I took a very sweet cat from my friend Rhonda who could not longer keep her, I took her in.. but unfortunately 3 cats isn't working out for us, Tiger wants to play all day long and Lucie isn't up to it, She has been hiding, all tiger has to do is walk by and she hisses and starts growling, this has been going on for 3 months now.. and I feel bad for her, I don't want her to live like that.. I took her in because my friend wanted to drop her off at the shelter and I thought that was so unfair!! Now I realize I took more than I can handle  
Lucie is almost 5, she is a gorgeous black and white cat, very good with kids and dogs!
Here is a picture of her:


----------



## Jeanie (Jun 18, 2003)

Maria, this is very sad, of course, but I am so pleased to see you post. I thought you forgot us. If we lived closer, I would take this kitty. I'm quite serious.


----------



## hypertweeky (Nov 25, 2007)

Jeanie said:


> Maria, this is very sad, of course, but I am so pleased to see you post. I thought you forgot us. If we lived closer, I would take this kitty. I'm quite serious.

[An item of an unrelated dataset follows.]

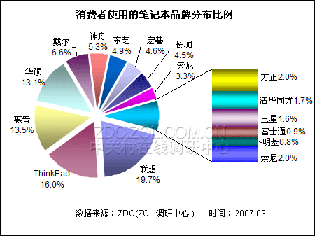 国内最大的PC厂商联想成为本次调查中拥有率最高的笔记本品牌,占据19.7%的比例。ThinkPad位于排行榜的第二位,有16.0%的消费者拥有该品牌的笔记本电脑,可见消费者对商务型笔记本的偏爱。
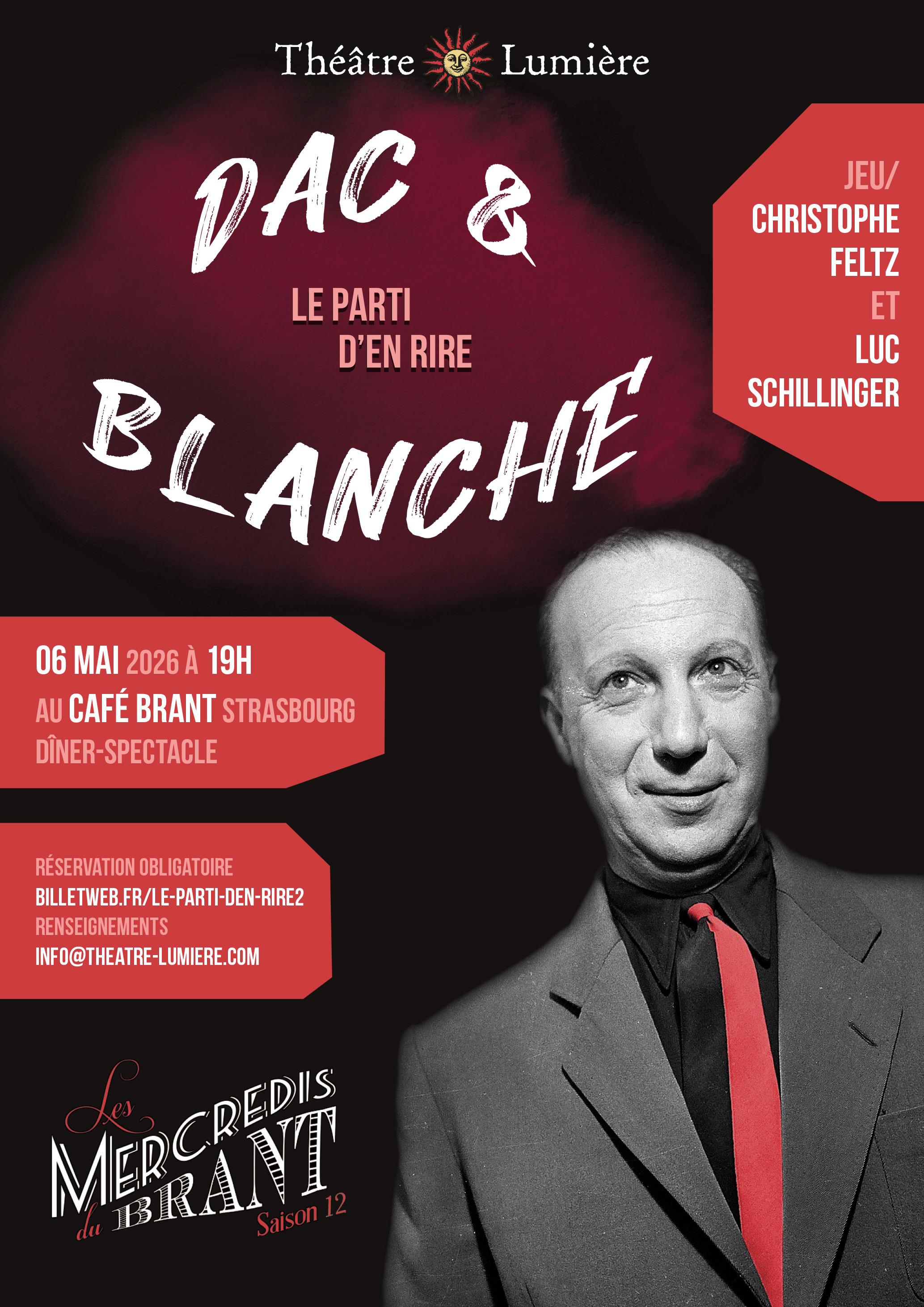 Dîner-spectacle de théâtre d’humour « Le Parti d’en Rire » de Pierre Dac & Francis Blanche avec les comédiens Christophe Feltz et Luc Schillinger le mercredi 06 mai 2026 à 19h au Café Brant à Strasbourg.

I am very heart broken Jeanie, Tiger has been SO good with her but she is just so mean, she is fine with the other cats.. but she just hates Tiger  It is hard to say this but Tiger was here first you know?
I volunteer to drive Lucie wherever to find her a forever home.. I am serious, because she is just the sweetest cat ever.. 
Oh darn now I want to cry..
If you do want her I wouldn't mind driving her there I do NOT want to place an ad for her, I want her to be with someone who will care for her, craiglist and those other sites freak me out!!!


----------



## Jeanie (Jun 18, 2003)

Nina is a sweet and gentle cat, and Kelsey is a very shy dog. That's a big concern.  It's too far for you to drive, Maria. I wish there was a way we could be certain; rehoming is hard on pets. I am trying to be practical, as I am very much tempted.


----------



## marie73 (Jul 12, 2006)

I adopted Cinderella and Cleo from Craigslist.


----------



## hypertweeky (Nov 25, 2007)

marie73 said:


> I adopted Cinderella and Cleo from Craigslist.


True that, but It doesn't guarantee me that some freak won't try try to adopt her and do God knows what with her.. 8O 8O


----------



## Heidi n Q (Nov 22, 2006)

I wish my friend was already in Colorado. They had hoped to move there this year but it is looking like it might be next year, instead. Good luck finding a home for her. See if you can contact any cat rescue/adoption centers in your area and ask if you could place her on their adopt-list? Most of those places screen very well and place the cats into good homes.
h


----------